Well, go figure, as they say on the other side of the Pond.

Of course, this election is important in symbolism more than in reality. Because of the complicated electoral system, the Swiss government will go on being a coalition of four parties and the cantons will carry on being far more important than said government.

For all of that the Swiss have shown their mettle. They want to be ruled in the way they decide and they do not want to have their very special culture destroyed. In my opinion they made a serious mistake when they decided to join the UN in 2002 after keeping out of that corrupt tranzi organization for decades, but they are making up for that.

We can be reasonably certain that there will be little talk of Switzerland joining the EU or, even, the EEA for some time to come.

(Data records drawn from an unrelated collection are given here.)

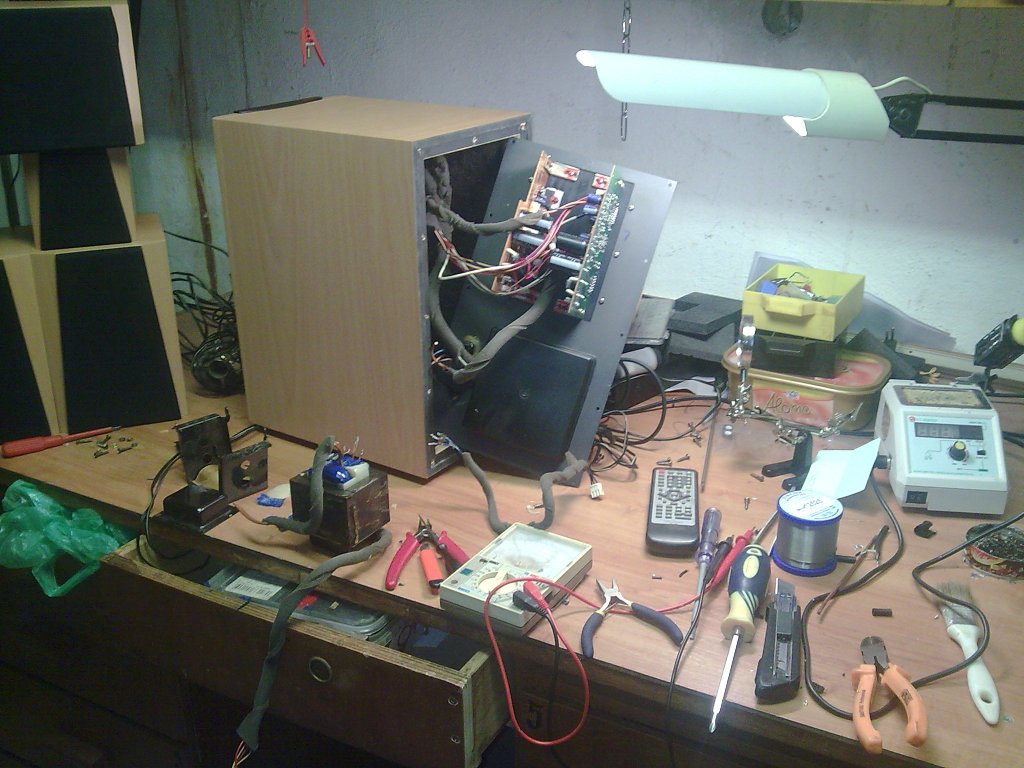 To je glavni sto za popravku televizora. Tu se najviše radi.
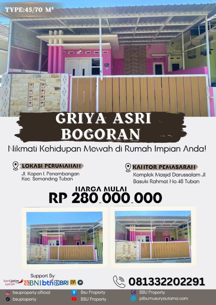Jangan tunggu lama, saatnya miliki rumah minimalis modern dengan harga terjangkau di Griya Asri Bogoran.
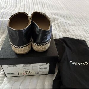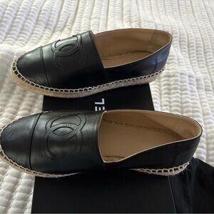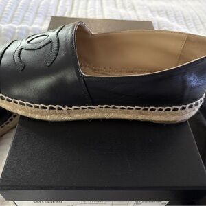 Elegant black leather espadrilles. Iconic CHANEL logo on top. Comfortable woven sole.
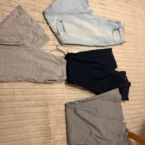 Har mange flotte bukser (også ruskind), shorts, leggings, sweatpants, nederdele, bluser, jakker, toppe, sportstøj, løbejakker, blazere, sko, støvler, kjoler, habitsæt mm.
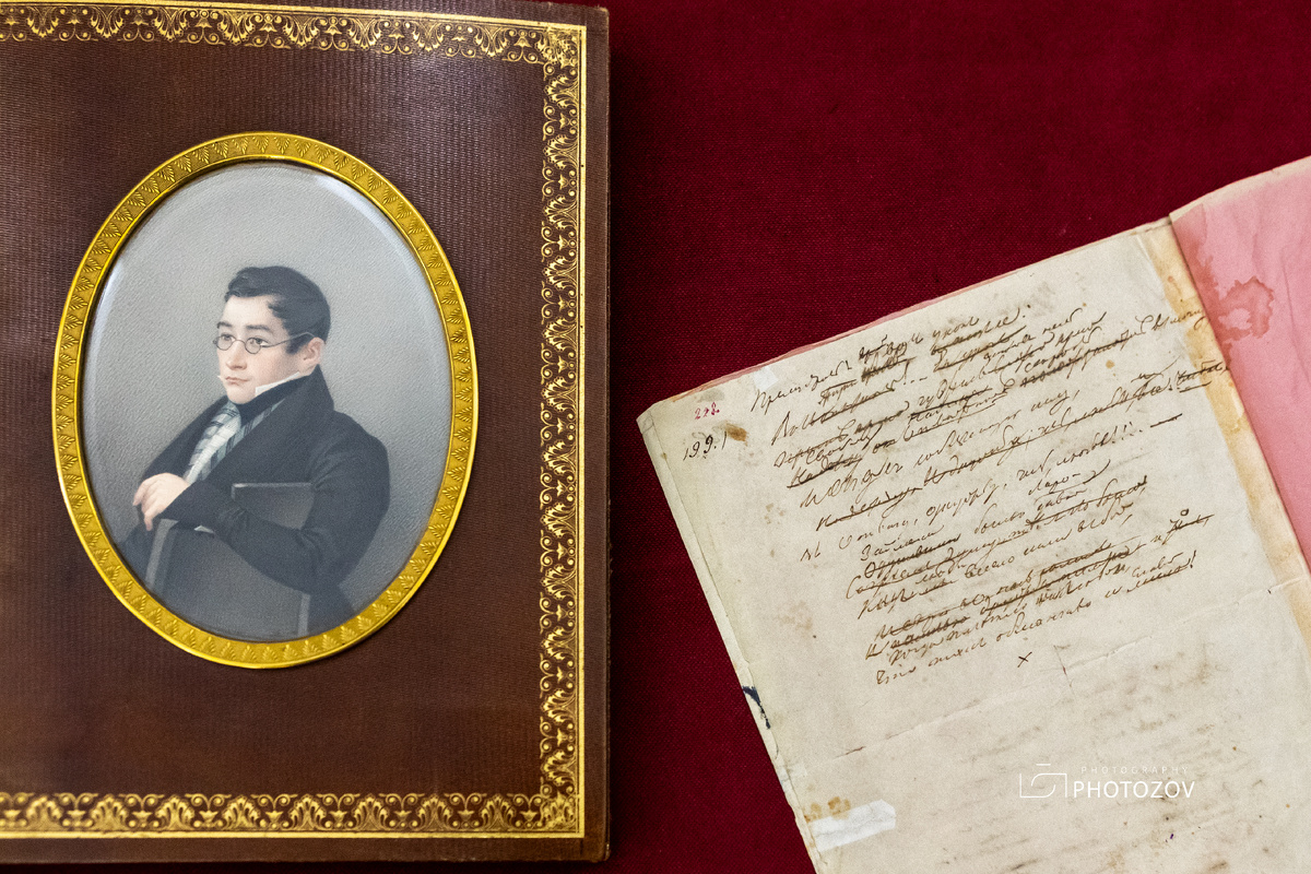 Одними из ценнейших экспонатов стали подлинный черновой автограф стихотворения поэта «Прости, отечество!» и авторизованная писарская копия «Горя от ума» с дарственной надписью Грибоедова издателю Фаддею Булгарину: «Горе мое поручаю Булгарину. Верный друг Грибоедов. 5 июня 1828».

On to the next election that took place this Sunday. Yes, folks its Polish politics time again. It seems that Prime Minister Kaczynsky managed to annoy the Polish electorate to such an extent that they actually turned out to vote in larger numbers than before to trounce him and his party. Well, by larger than before numbers we mean 54 per cent.
The Polish pro-business party, Civic Platform, today took a strong position as a result of the parliamentary elections Sunday, winning 41.4 percent of the total vote with 99 percent of returns counted.
Donald Tusk will now start negotiations to form the new coalition government, in the first place with the Polish Peasants’ Party, in the somewhat uncomfortable knowledge that the good twin, Lech Kaczynski will still be President and in position to veto legislation.

As ever, it is impossible to predict what will happen on the international front. At the moment the EU leaders are pleased because Donald Tusk is known as a supporter of the EU and its rather elusive “values” while Kaczynski was known as a troublemaker.

On the other hand, as we have pointed out on numerous occasions on this blog, Jaroslaw Kaczynski may have yapped loudly but found himself in agreement with whatever was being proposed as soon as some kind of a bribe, however indefinable, materialized. One suspects, Donald Tusk will have quite similar policies.

Another issue will be the American alliance. The Kaczynskis have tended to be staunchly pro-American and anti-Russian …. rather like all their predecessors in post-Communist Polish governments.

The New York Times, who had not been happy at so much European support for the United States in Iraq, preferring to think of Bush as someone who isolated the country, is clutching at what might be described as straws:
Mr. Tusk said during the campaign that he would have driven a harder bargain over support of plans to place missile interceptors on Polish soil and that, if elected, he would try to bring home the 900 Polish troops in Iraq.
Not much in that, really. I can’t help feeling that Poland will continue to proved us with some entertainment on the political scene.